While the terms forwarding table and routing table are sometimes used interchangeably, we will make a distinction between them here. The forwarding table is used when a packet is being forwarded and so must contain enough information to accomplish the forwarding function. This means that a row in the forwarding table contains the mapping from a network prefix to an outgoing interface and some MAC information, such as the Ethernet address of the next hop. The routing table, on the other hand, is the table that is built up by the routing algorithms as a precursor to building the forwarding table. It generally contains mappings from network prefixes to next hops. It may also contain information about how this information was learned, so that the router will be able to decide when it should discard some information.

Whether the routing table and forwarding table are actually separate data structures is something of an implementation choice, but there are numerous reasons to keep them separate. For example, the forwarding table needs to be structured to optimize the process of looking up an address when forwarding a packet, while the routing table needs to be optimized for the purpose of calculating changes in topology. In many cases, the forwarding table may even be implemented in specialized hardware, whereas this is rarely if ever done for the routing table.

Table 14 gives an example of a row from a routing table, which tells us that network prefix 18/8 is to be reached by a next hop router with the IP address 171.69.245.10

Table 14. Example row from a routing table.
Prefix/Length Next Hop
18/8 171.69.245.10

In contrast, Table 15 gives an example of a row from a forwarding table, which contains the information about exactly how to forward a packet to that next hop: Send it out interface number 0 with a MAC address of 8:0:2b:e4:b:1:2. Note that the last piece of information is provided by the Address Resolution Protocol.

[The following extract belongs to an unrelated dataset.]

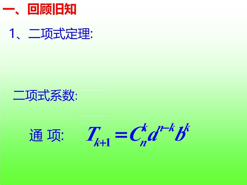 (3).奇数项的二项式系数和与偶数项的 二项式系数和;

Table 15. Example row from a forwarding table.
Prefix/Length Interface MAC Address
18/8 if0 8:0:2b:e4:b:1:2

Before getting into the details of routing, we need to remind ourselves of the key question we should be asking anytime we try to build a mechanism for the Internet: “Does this solution scale?” The answer for the algorithms and protocols described in this section is “not so much.” They are designed for networks of fairly modest size—up to a few hundred nodes, in practice. However, the solutions we describe do serve as a building block for a hierarchical routing infrastructure that is used in the Internet today. Specifically, the protocols described in this section are collectively known as intradomain routing protocols, or interior gateway protocols (IGPs). To understand these terms, we need to define a routing domain. A good working definition is an internetwork in which all the routers are under the same administrative control (e.g., a single university campus, or the network of a single Internet Service Provider). The relevance of this definition will become apparent in the next chapter when we look at interdomain routing protocols. For now, the important thing to keep in mind is that we are considering the problem of routing in the context of small to midsized networks, not for a network the size of the Internet.

Network as a Graph

Routing is, in essence, a problem of graph theory. Figure 84 shows a graph representing a network. The nodes of the graph, labeled A through F, may be hosts, switches, routers, or networks. For our initial discussion, we will focus on the case where the nodes are routers. The edges of the graph correspond to the network links. Each edge has an associated cost, which gives some indication of the desirability of sending traffic over that link. A discussion of how edge costs are assigned is given in a later section.

Note that the example networks (graphs) used throughout this chapter have undirected edges that are assigned a single cost. This is actually a slight simplification. It is more accurate to make the edges directed, which typically means that there would be a pair of edges between each node—one flowing in each direction, and each with its own edge cost.

../_images/f03-28-9780123850591.png

Figure 84. Network represented as a graph.

The basic problem of routing is to find the lowest-cost path between any two nodes, where the cost of a path equals the sum of the costs of all the edges that make up the path. For a simple network like the one in Figure 84, you could imagine just calculating all the shortest paths and loading them into some nonvolatile storage on each node. Such a static approach has several shortcomings:

  • It does not deal with node or link failures.
  • It does not consider the addition of new nodes or links.
  • It implies that edge costs cannot change, even though we might reasonably wish to have link costs change over time (e.g., assigning high cost to a link that is heavily loaded).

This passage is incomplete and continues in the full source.